White Lotus Gallery is proud to present Max Nixon Legacy Metalwork. Max Nixon (1915-2000) was a professor of Metal Arts and Weaving in the Art Department at the University of Oregon from 1958 until his retirement in 1981. Then, he continued his teaching career as artist-in-residence at the EMU Craft Center till 1992. A mid-century modernist in his metalwork, Nixon employed clean lines and gentle organic curves. He also pioneered the incorporation of different, often recycled, materials in his creation. The exhibit showcases Nixon’s work through the years, including jewelry made for and worn by his wife, Hattie Mae, teaching samples, and one-of-a-kind boxes.  

Born in Haverhill, Kansas, Nixon earned a BFA degree from Kansas University in 1939 and immediately after was awarded WPA funding to create a sculpture to honor the Mennonite farmers in Newton, Kansas. After having taught at the Kansas Art Center for a couple of years and gotten drafted to serve throughout Europe during WWII, Nixon pursued further study in jewelry and metalwork, bookbinding, and weaving at the School for American Craftsmen in Rochester, NY, Bradley University in Peoria, Illinois, and Mills College in Oakland, California. His teaching took him to Honolulu, Hawaii, and Utica, New York, where he set up a jewelry and metals program at the Munson-Williams-Proctor Arts Institute.

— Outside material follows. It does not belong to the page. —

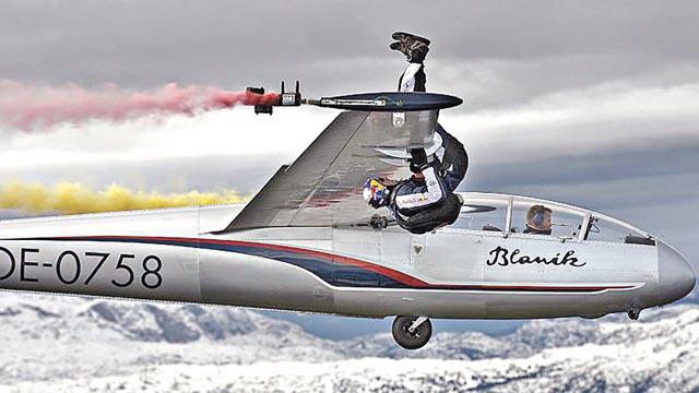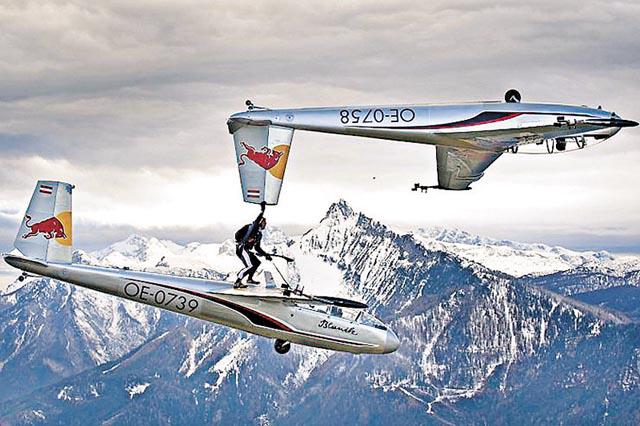 飛機「坐」得多,但斯坦納(PaulSteiner)的方法大概最亡命。這位奧地利跳傘高手藝高人膽大,不乖乖坐在機艙中,卻在2,000米高空上,爬出滑翔機外,在機頂機翼上迎風翱翔,更嘗試「高空轉機」──由一架機翻身換到另一架飛機上!

In 1957, Nixon returned to Eugene, Oregon, where he had taught at the University of Oregon the year prior, to marry Hattie Mae Rhonemus. Then, he began his long tenure at U of O teaching metal arts and weaving. Throughout his career as a professor and then as artist-in-residence at the Craft Center, which Nixon helped establish in 1972, his teaching inspired numerous students and artists. He and Hattie Mae provided additional invaluable services to the University and the Eugene community by giving lectures and volunteering at various museums, executing gifts for retiring Architecture and Allied Art (AAA) faculty, and assembling a 75-year timeline of AAA faculty members. For their lifelong contribution, the couple was jointly honored with the Eugene Arts and Letters Award in 1991. Nixon and Hattie Mae died respectively in 2000 and 2018, and their legacy continues to live on through the lives they touched and the artworks they created.

 

Terry Way has been hosting Viz City, KLCC's visual arts review program, since 2000. Terry hosts the show with Sandy Brown Jensen.